Continuem a protestar! Mantenham-se nas ruas, sem violência, sem vandalismo, sem badernas, mas, com indignação contra todas as misérias e injustiças existentes neste país, no entanto, por favor, façam com consciência histórica, pois, sem consciência histórica, qualquer manifestação transformar-se-á húmus para os políticos de carreira.

Por fim, peço, pois, a todos que: ressuscitem” alguns personagens para ver se o fantasma deles desperta a nossa consciência histórica, e nas próximas eleições possamos fazer uma escolha consciente, por uma consciência histórica.

“Ressuscitem”:

o Zuleido Veras, dono da construtora Gautama.

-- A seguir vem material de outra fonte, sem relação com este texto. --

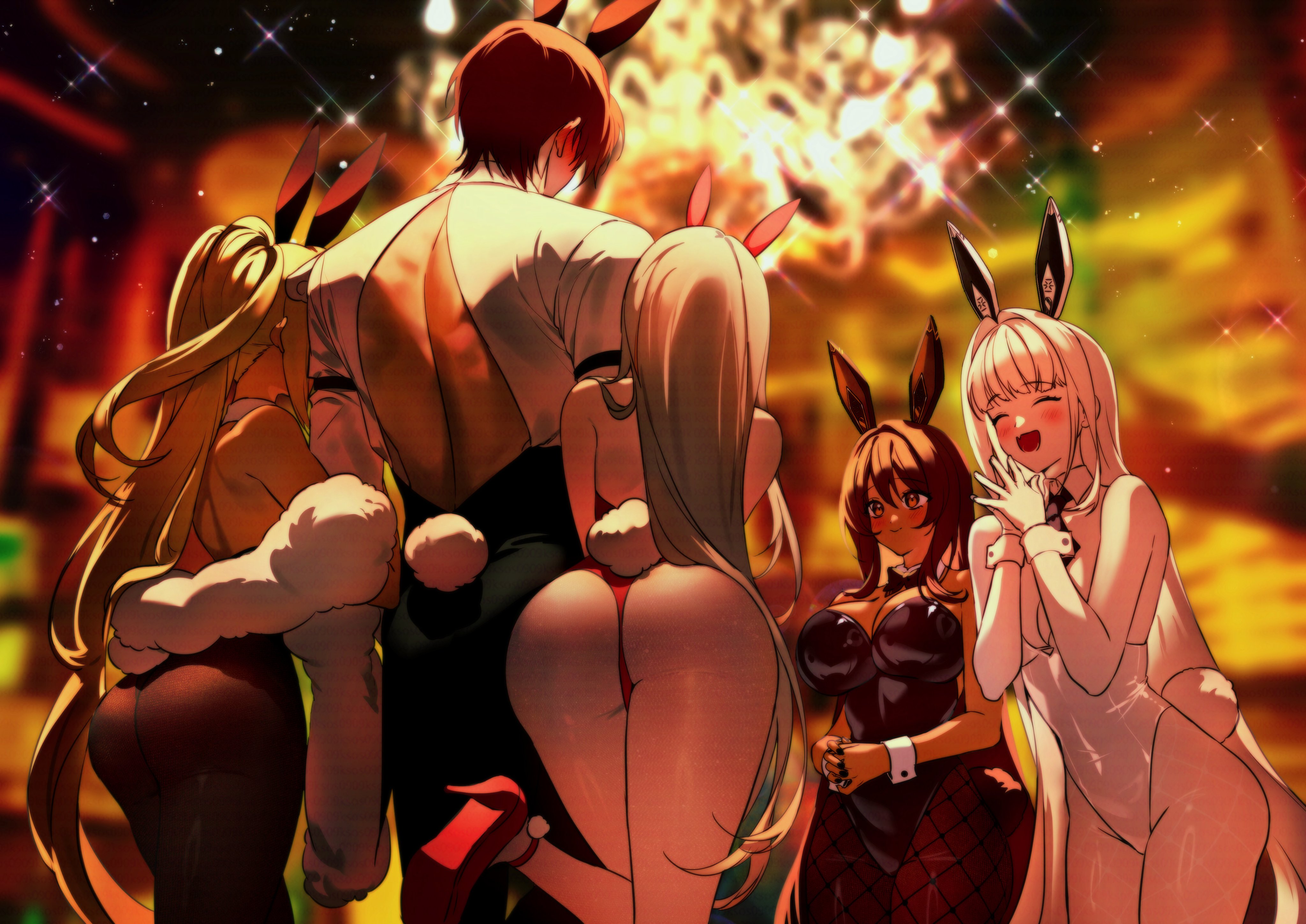 1boy4girlsanimal earsblack leotardbreastsbrown haircleavagedark skindark-skinned femaledetached collarfake animal earsfishnet pantyhosefishnetslarge breastsleotardlong hairmale playboy bunnymultiple girlspantyhoseplayboy bunnyrabbit earsrabbit tailtailvery long hairwhite hairwhite leotardwrist cuffsyellow eyes

Sabeis vós, todos, jovens e velhos, dele?

– o juiz (ou ex) João Carlos da Rocha Mattos: Sabeis vós, todos, jovens e velhos, dele?

Daniel Dantas, na época dono do Banco Opportunity: Sabeis vós, todos, jovens e velhos, dele?

– José Dirceu ex-Ministro-chefe da Casa Civil do governo Lula: Sabeis vós, todos, jovens e velhos, dele?

– Marcos Valério, dono da DNA Propaganda: Sabeis vós, todos, jovens e velhos, dele?

– Luiz Estevão de Oliveira Neto, ex-senador: Sabeis vós, todos, jovens e velhos, dele?

– Eduardo Jorge Caldas Pereira, ex-assessor do FHC: Sabeis vós, todos, jovens e velhos;

– O ex-juiz Nicolau dos Santos Neto: Sabeis vós, todos, jovens e velhos…E tantos e tantos outros…Eles precisam está “vivos”, não como sujeitos no contexto de suas autonomias, tendo na medida da lei, o direito de ir e vir preservado (inclusive o direito de ser ou ficarem presos), mas, como CONCEITOS no contexto da nossa consciência histórica, social e política.

Não tenho espaço e tempo para falar de: José Genuíno, Paulo Cunho, Paulinho da Força Sinal, Paulo Maluf, Delúbio Soares, et, etc, etc, Dilma, Lula…e toda esta turma que a Lava Jato prendeu.

Lembremo-nos sempre: o Brasil não é da Família Sarney (MA), não do Renan Calheiros e do Collor de Melo (AL), não é do Jader Barbalho (PA), os Gomes (CE), os Alves (RN), não é dos ACMs (BA); dos Arraes (PE), os Cunha Lima (PB), dos Maias (RJ)… Onde mais? Onde? Falem-nos!

Assim, senhoras e senhores, a corrupção no Brasil que é endêmica, histórica e resistente, só poderá ser combatida com consciência da história social e política. Pois, Sem consciência histórica, qualquer manifestação transformar-se-á húmus para os políticos de carreira.